The VACUUM statement performs table maintenance on Apache Iceberg tables by removing no longer needed data files.

Note

VACUUM is transactional and is supported only for Apache Iceberg tables in Athena engine version 3.

Running the VACUUM statement on Iceberg tables is recommended to remove data files that are no longer relevant and to reduce metadata size and storage consumption. Note that, because the VACUUM statement makes API calls to Amazon S3, charges apply for the associated requests to Amazon S3.

Warning

If you run a snapshot expiration operation, you can no longer time travel to expired snapshots.

Synopsis

To remove data files no longer needed for an Iceberg table, use the following syntax.

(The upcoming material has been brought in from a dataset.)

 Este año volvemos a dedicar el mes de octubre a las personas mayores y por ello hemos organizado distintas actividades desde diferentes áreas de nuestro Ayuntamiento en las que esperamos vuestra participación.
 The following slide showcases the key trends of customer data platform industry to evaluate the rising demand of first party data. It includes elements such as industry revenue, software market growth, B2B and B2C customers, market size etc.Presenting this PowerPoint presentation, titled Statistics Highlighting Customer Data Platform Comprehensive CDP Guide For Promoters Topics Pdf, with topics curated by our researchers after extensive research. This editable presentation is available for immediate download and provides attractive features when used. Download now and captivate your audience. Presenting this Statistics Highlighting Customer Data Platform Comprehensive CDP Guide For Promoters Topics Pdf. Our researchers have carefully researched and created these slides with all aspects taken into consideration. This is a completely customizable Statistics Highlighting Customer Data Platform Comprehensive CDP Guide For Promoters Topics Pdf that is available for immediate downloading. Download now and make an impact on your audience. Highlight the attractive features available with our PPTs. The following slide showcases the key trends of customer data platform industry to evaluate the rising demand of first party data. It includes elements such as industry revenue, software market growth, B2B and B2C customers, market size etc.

VACUUM [database_name.]target_table

To run VACUUM on a table with a name that begins with an underscore (for example, _mytable), enclose the table name in backticks, as in the following example. If you prefix the table name with a database name, do not enclose the database name in backticks. Note that double quotes will not work in place of backticks.

This behavior is particular to VACUUM. The CREATE and INSERT INTO statements do not require backticks for table names that begin with underscores.

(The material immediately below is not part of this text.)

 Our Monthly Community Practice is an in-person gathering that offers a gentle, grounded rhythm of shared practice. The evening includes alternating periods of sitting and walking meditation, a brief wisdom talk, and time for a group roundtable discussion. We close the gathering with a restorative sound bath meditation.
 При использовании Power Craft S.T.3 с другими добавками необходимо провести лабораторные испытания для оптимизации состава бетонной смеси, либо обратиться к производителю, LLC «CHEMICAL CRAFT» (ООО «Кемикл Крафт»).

VACUUM `_mytable` VACUUM my_database.`_mytable`

Note also that VACUUM expects the Iceberg data to be in an Amazon S3 folder rather than an Amazon S3 bucket. For example, if your Iceberg data is at s3://DOC-EXAMPLE-BUCKET/ instead of s3://DOC-EXAMPLE-BUCKET/myicebergfolder/, the VACUUM statement fails with the error message GENERIC_INTERNAL_ERROR: Path missing in file system location: s3://DOC-EXAMPLE-BUCKET.

Operations performed

VACUUM performs the following operations:

  • Removes snapshots that are older than the amount of time that is specified by the vacuum_max_snapshot_age_seconds table property. By default, this property is set to 432000 seconds (5 days).

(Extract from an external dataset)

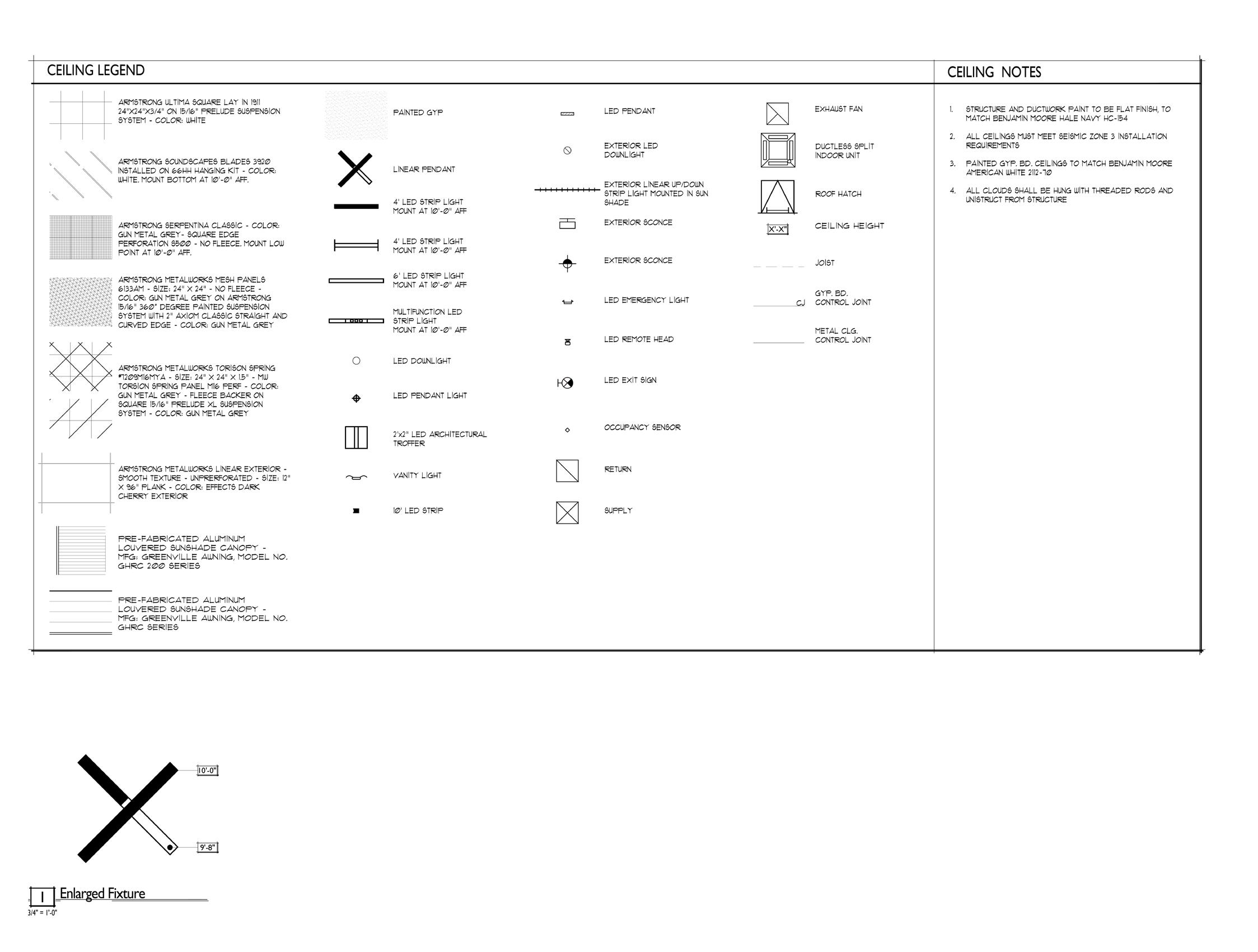 Reflected Ceiling Plan FD FD FD FD FD FD FD FD ← ← → → ← → ← ← → → ← ← → → ↓ ↑↑ ↑ ↓↓ → → → ↑ 33 33 OP 8'-0" 8'-0" 8'-0" 5'-8" 2'-9 1/2" 2'-5" 5'-5" EQ 2'-5 1/2" 8'-0" TYP GYP 10'-0" GYP 9'-0" ACT-2 12'-0" GYP 11'-0" GYP 12'-0" ACT-1 10'-0" GYP 9'-0" ACT-1 10'-0" GYP 10'-8" GYP 10'-8" GYP 10'-0" 3 3 3 33 3 3 D D 1 12 2 OP GYP 10'-0" FA FA 4 GYP 10'-0" GYP 10'-0" GYP 9'-0" GYP 9'-0" ACT-1 10'-0" 5 5 5 9'-1 1/2" 5'-0 1/2" 4'-1" 6 6 6 R R R R FLEX 134 PHONE 131 CONFERENCE 138 BROADCASTING 143 FLEX 140 BREAK 100 OFFICE 137 OFFICE 142 OFFICE 141 OFFICE 146 OFFICE 147 COFFEE 149 COAT LUGGAGE CLOSET 151 OFFICE 114 OFFICE 113 OFFICE 112 OFFICE 111 FILE ROOM 110 HUDDLE 109 CONFERENCE 108 VESTIBULE 150 OFFICE 136 HUDDLE 133 IT 127 MENS 123 WOMENS 122 STORAGE 105 MOTHER'S ROOM 104 OFFICE 107 RECEPTION 102 ELEC CLOSET 125 COLLAB 106 MAIL COAT CLOSET 103 HUDDLE 115 WELLNESS 116 ELEC CLOSET 152 IT STORAGE 128 LOCKERS 126 IT WORK ROOM 129 COLLAB 135 PHONE 132 OPEN OFFICE 145 VESTIBULE 124 COFFEE 117 5'-7" 5'-7" 1'-3" 2'-0 1/2" TYP D D D DD D 2 3 FA 33 STORAGE 130 8'-0" TYP 5'-0 1/2" 5'-9" 5'-9" 8'-5" 2'-11" 5'-9" 8 7 4'-0" D D D D ACT-1 12'-0" DDDD D D DDD D DD D DD DDDDDD D 2 2 2 2 2 2 N NN N 33 333 3 3 D D D DD D AA2 DA3 DA2 DA1 DA1 9 9 9 10 9 DA4 DA4 10 DA5 DA5 DA5 DA5 R R E R R R R DD D EQ 5'-9 1/2" 11 3'-0" 7'-5" 7'-5" 3'-0" 3'-0" 8'-5" 4'-3 1/2" 8'-0" TYP 12 1 EQ EQ GYP 10'-0" GYP 9'-0" GYP 10'-0" GYP 10'-0" D IBR (CONFERENCE) 144 D 5'-0" 28'-10" 2'-9 1/2" EQ 7'-5 1/2" 7'-5 1/2" 7'-5 1/2" 7'-5 1/2" 7'-5 1/2" EQ 7'-5 1/2" 7'-5 1/2" 7'-5 1/2" 7'-5 1/2" EQ COPY 153 2 2 2 2 2 13 E 5'-0 1/2" 8'-3 12" TYP 5'-0 1/2" FUTURE OPEN OFFICE 154 EQ EQ 14 BREAK/COLLAB 139 5'-1" 7'-7" 3'-0" 6'-0" 4'-2 1/2" 7'-7" 5'-11" 2'-11 1/2" D D 15 TRAINING 120 TRAINING 121 FURNITURE STORAGE 118 COLLAB 119 FD FD FD FD FD FD FD FD ↑↑ ↓↓ → 33 33 OP 8'-0" 8'-0" 8'-0" 2'-9 1/2" 2'-5" 5'-5" EQ 2'-5 1/2" 8'-0" TYP GYP 10'-0" GYP -0" ACT- 12'-0" GYP 11'-0" GYP 12'-0" ACT- 10'-0" GYP 9'-0" ACT-1 10'-0" GYP 10'-8" GYP 10'-8" GYP 10'-0" 3 D D 12 OP GYP 10'-0" FA FA GYP 10'-0" GYP 10'-0" GYP -0" GYP 9'-0" ACT- 10'-0" 5 9'-1 1/2" 5'-0 1/2" 4'-1" R R FLEX 134 PHONE 131 CONFERENCE 138 BROADCASTING 143 140 100 OFFICE 137 OFFICE 141 146 147 149 COAT LUGGAGE CLOSET OFFICE OFFICE 113 OFFICE OFFICE 111 FILE ROOM 110 HUDDLE 109 108 150 OFFICE 136 HUDDLE 133 MENS WOMENS 105 104 107 102 ELEC CLOSET 125 COLLAB 103 HUDDLE WELLNESS 116 ELEC CLOSET 152 128 LOCKERS 126 WORK ROOM 129 COLLAB PHONE 132 OPEN OFFICE 145 VESTIBULE 124 117 5'-7" 5'-7" 1'-3" 2'-0 1/2" TYP D D DD D 2 33 STORAGE 130 8'-0" TYP 5'-0 1/2" 8'-5" 2'-11" 5'-9" 7 4'-0" D D D D ACT- 12'-0" DDDD D D DDD D DD D DD DDDDDD D 2 2 2 2 NN 33 333 D D D DD D AA2 DA3 DA2 DA1 DA1 9 10 9 DA4 DA4 10 DA5 DA5 DA5 DA5 R R R R R DD D EQ 5'-9 1/2" 11 3'-0" 7'-5" 7'-5" 3'-0" 3'-0" 4'-3 1/2" 8'-0" TYP 12 1 EQ EQ GYP 10'-0" GYP 9'-0" GYP 10'-0" GYP 10'-0" D IBR (CONFERENCE) D 5'-0" 28'-10" 2'-9 1/2" EQ 7'-5 1/2" 7'-5 1/2" 7'-5 1/2" 7'-5 1/2" 7'-5 1/2" EQ 7'-5 1/2" 7'-5 1/2" 7'-5 1/2" 7'-5 1/2" EQ COPY 13 5'-0 1/2" 8'-3 12" TYP 5'-0 1/2" FUTURE OPEN OFFICE EQ EQ 14 BREAK/COLLAB 139 5'-1" 7'-7" 3'-0" 6'-0" 4'-2 1/2" 7'-7" 5'-11" 2'-11 1/2" 15 TRAINING TRAINING FURNITURE STORAGE COLLAB 119 3" RECESSED DOWNLIGHT (F) SPEC: ELITE, ER3-2000L-DIM10-MVOLT-WD-30K-90-ER3-TL-1302-WHT WATTAGE: 26.1 NEW GYP BD CEILING (EXISTING @ RECEPTION 102) NEW GRID & TILE SPEC: ARMSTRONG DUNE SQUARE LAY-IN 9/16" BEVELED TEGULAR 1775 W/SUPRAFINE XL 9/16 SUPENSION SYSTEM, 24" X 24 X 5/8", WHITE EXIT SIGN W/ BATTERY BACKUP NOTE: STEM MOUNT @ OTS LOCATIONS SPEC: EVENLITE, TLXEMGW MOUNTING HEIGHT: TO MATCH EXISTING EXISTING TO REMAIN SINGLE POLE SWITCH RE-CIRCUIT AS REQUIRED. RE-SWITCH AS INDICATED (LOCATED AT 48" AFF, UNO) 2' 4' LED DIRECT/INDIRECT LAY-IN (C) SPEC: HEW, LT-24-L40/830-AF-DRV-UNV WATTAGE: 32W OPEN TO STRUCTURE 4" SUSPENDED PENDANT @ OTS (B) SPEC: DMF LIGHTING, DC4-C4-S-L-D-30-WF-30-BK-O MOUNTING HEIGHT: 12'-0" AFF WATTAGE: 40W RECESSED LINEAR FIXTURE (A1-8,A1-20) SPEC: FINELITE, HO4-RO-(LENGTH)-B-830-OPN-277-SC-SE WATTAGE A1-8: 35.2W WATTAGE A1-20: 88W DECORATIVE PENDANT (G) SPEC: INSIGHT LIGHTING, ADB-68-30K-DI-ACA-48-DIM-TBL-TBL-LV MOUNTING HEIGHT: 7'-0" AFF WATTAGE: 58.1W ACOUSTICAL CLOUD SPEC: RITZ INTERIORS -CUSTOM, COLOR RA-04 MOUNTING HEIGHT: SEE 1 AND 3/A1-33 FOR HEIGHTS CONTACT: ANDY RITZ 678.878.0404 ANDY@RITZINTERIORS.NET ACOUSTICAL BAFFLE SPEC: RITZ SLIMZ #1, COLOR RA-05 @ OPEN OFFICE 145 DEPTH: 9" MOUNTING HEIGHT: 13'-0" AFF CONTACT: ANDY RITZ 678.878.0404 ANDY@RITZINTERIORS.NET (SEE 1/A1-32 FOR OVERALL DESIGN, SEE SUPPLEMENTARY DOCUMENTS FOR EXACT LAYOUT AND COORDINATION. SUSPENDED LINEAR FIXTURE (A-16,A-24,A-28,A-32,A-44) SPEC: FINELITE, HO4-D-RO-(LENGTH)-B-830-TG-OPN-277V-FA-OE MOUNTING HEIGHT: 12'-0" AFF WATTAGE A-16: 70.4W WATTAGE A-24: 105.6W WATTAGE A-28: 123.2W WATTAGE A-32: 140.8W WATTAGE A-44: 193.6W DIMMER -W Y3 RELOCATED PENDANT NOT IN SCOPE RELOCATED LED 1" RECESSED DOWNLIGHT (N) SPEC: ELITE, A1R-F-1102-800L-MD-30K-90-W-WH-A1R-LED-10W-DIM10-MVOLT-BP30 WATTAGE: 10W WALL GRAZER FIXTURE (H) SPEC: FINELIGHT, HP-WG-6W-4D-H-(LENGTH)-830-277-SC-SC-SSA-FEL-FER WATTAGE: LED COVE LIGHT FIXTURE (M) SPEC: ELITE, 1-LSC1-550LP-DIM10-MVOLT-120X120D-30K-90-CL-SI WATTAGE: 5.8W NOTE: CONTACT SUMMER DAVIS 770-449-7045 SDAVIS@SESCOLIGHTING.COM FOR ALL LIGHTING FIXTURES, UNO EXISTING SKYLIGHT DECORATIVE PENDANT @ RECEPTION (O) SPEC: SISTEMALUX, 1174-M-BO-20-930-L-SP-UNV-02-D10 MOUNTING HEIGHT: 6'-8" AFF WATTAGE: 905W NEW GRID & TILE SPEC: ARMSTRONG BACKSTAGE NOIR 15/16" SQUARE LAY-IN 1318 W/PRELUDE XL 15/16" SUSPENSION SYSTEM, 24" X 24" X 3/4", BLACK FA CEILING MOUNTED FIRE ALARM NOTE: STEM MOUNT @ OTS LOCATIONS FINISH: RED LED STRIP FIXTURE @ ELEC CLOSET 125 AND 151 (Q) SPEC: WILLIAMS 75 LED NARROW STRIP MOUNTING HEIGHT: 12'-0" AFF WATTAGE: 19.7W DECORATIVE SCONCE @ MOTHER'S ROOM, WELLNESS ROOM, ND PHONE ROOMS (L) SPEC: SAL, S3A20-L09-30-PT-BLK MOUNTING HEIG

  • Removes snapshots that are not within the period to be retained that are in excess of the number specified by the vacuum_min_snapshots_to_keep table property. The default is 1.

    You can specify these table properties in your CREATE TABLE statement. After the table has been created, you can use the ALTER TABLE SET PROPERTIES statement to update them.

  • Removes any metadata and data files that are unreachable as a result of the snapshot removal. You can configure the number of old metadata files to be retained by setting the vacuum_max_metadata_files_to_keep table property. The default value is 100.

  • Removes orphan files that are older than the time specified in the vacuum_max_snapshot_age_seconds table property. Orphan files are files in the table's data directory that are not part of the table state.

For more information about creating and managing Apache Iceberg tables in Athena, see Creating Iceberg tables and Managing Iceberg tables.